*Source material*:
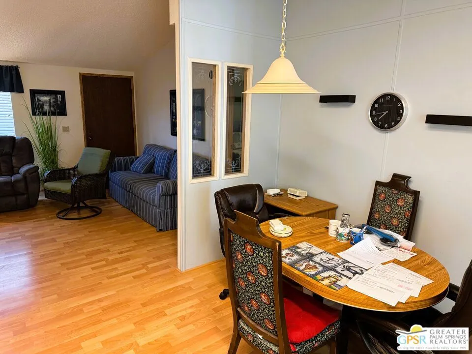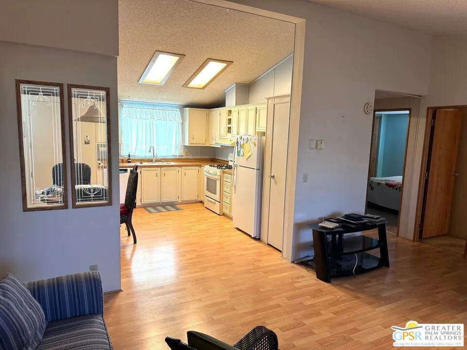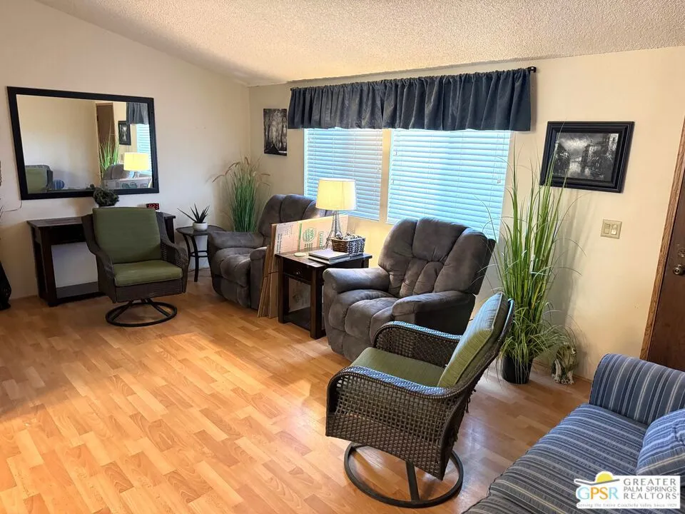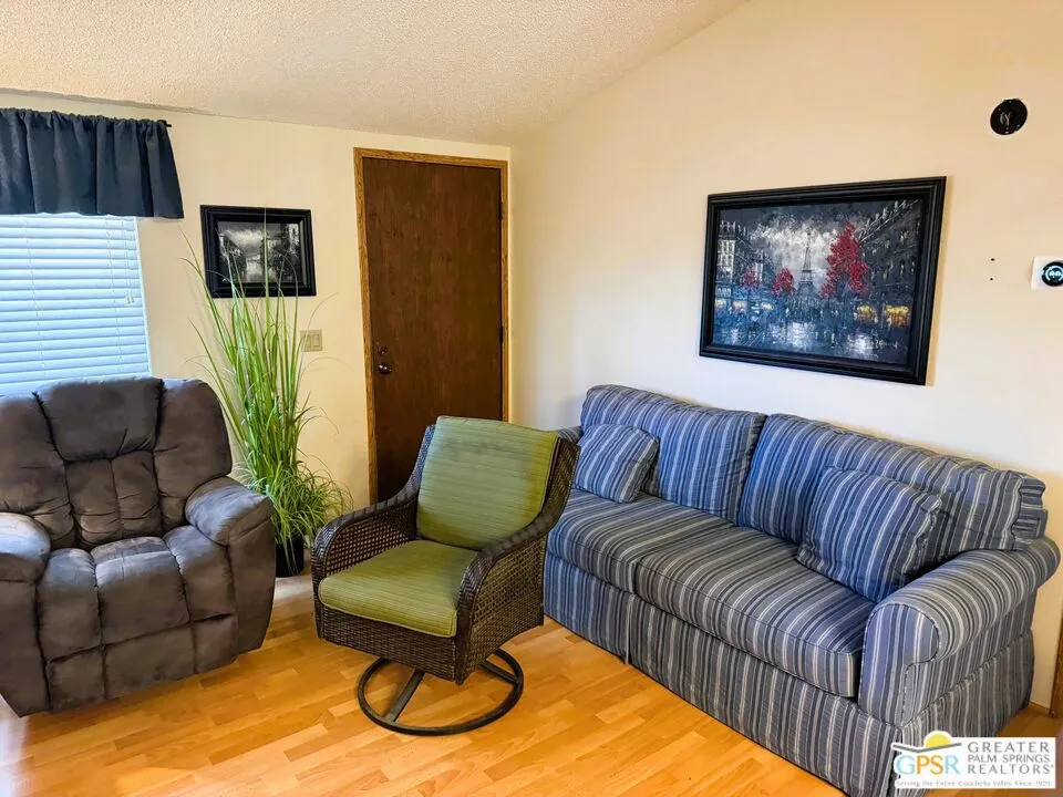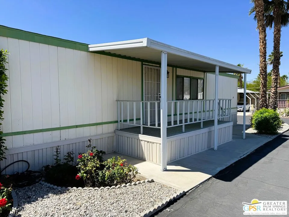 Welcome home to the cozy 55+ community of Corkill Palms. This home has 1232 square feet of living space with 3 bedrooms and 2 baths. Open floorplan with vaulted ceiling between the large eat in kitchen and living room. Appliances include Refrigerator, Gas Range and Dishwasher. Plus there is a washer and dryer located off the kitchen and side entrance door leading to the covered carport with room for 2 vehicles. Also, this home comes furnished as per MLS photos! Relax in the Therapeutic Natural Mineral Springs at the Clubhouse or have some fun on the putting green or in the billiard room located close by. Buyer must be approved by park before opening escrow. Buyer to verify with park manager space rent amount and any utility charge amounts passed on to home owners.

==

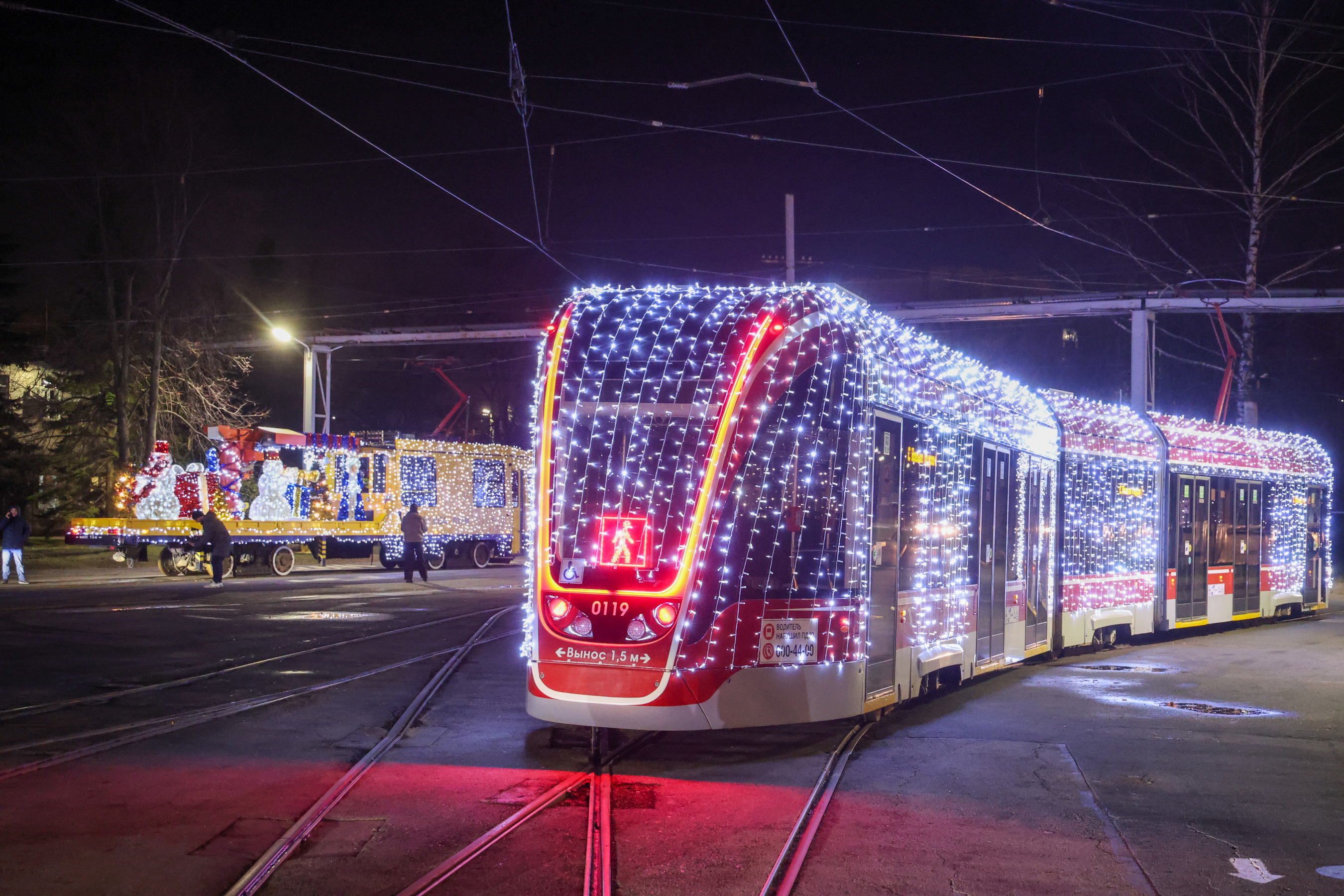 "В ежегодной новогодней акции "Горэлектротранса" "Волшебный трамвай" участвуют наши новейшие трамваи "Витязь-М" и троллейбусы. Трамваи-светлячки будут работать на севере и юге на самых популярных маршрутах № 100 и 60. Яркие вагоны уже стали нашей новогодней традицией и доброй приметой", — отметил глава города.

--

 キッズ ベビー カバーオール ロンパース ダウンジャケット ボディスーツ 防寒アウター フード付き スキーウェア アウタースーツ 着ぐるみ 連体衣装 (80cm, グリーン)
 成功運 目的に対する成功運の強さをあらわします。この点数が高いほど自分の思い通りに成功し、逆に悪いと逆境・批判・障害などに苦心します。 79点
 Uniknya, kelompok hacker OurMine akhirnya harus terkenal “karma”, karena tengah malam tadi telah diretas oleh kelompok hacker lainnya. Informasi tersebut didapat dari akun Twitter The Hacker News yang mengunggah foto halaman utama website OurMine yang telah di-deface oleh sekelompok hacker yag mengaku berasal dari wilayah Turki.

*Assignment*: As the answer, set down only the lines from the data above between the one holding "キッズ ベビー カバーオール" and the one holding "Uniknya, kelompok hacker", inclusive, exactly as they read.

*Final answer*:
 キッズ ベビー カバーオール ロンパース ダウンジャケット ボディスーツ 防寒アウター フード付き スキーウェア アウタースーツ 着ぐるみ 連体衣装 (80cm, グリーン)
 成功運 目的に対する成功運の強さをあらわします。この点数が高いほど自分の思い通りに成功し、逆に悪いと逆境・批判・障害などに苦心します。 79点
 Uniknya, kelompok hacker OurMine akhirnya harus terkenal “karma”, karena tengah malam tadi telah diretas oleh kelompok hacker lainnya. Informasi tersebut didapat dari akun Twitter The Hacker News yang mengunggah foto halaman utama website OurMine yang telah di-deface oleh sekelompok hacker yag mengaku berasal dari wilayah Turki.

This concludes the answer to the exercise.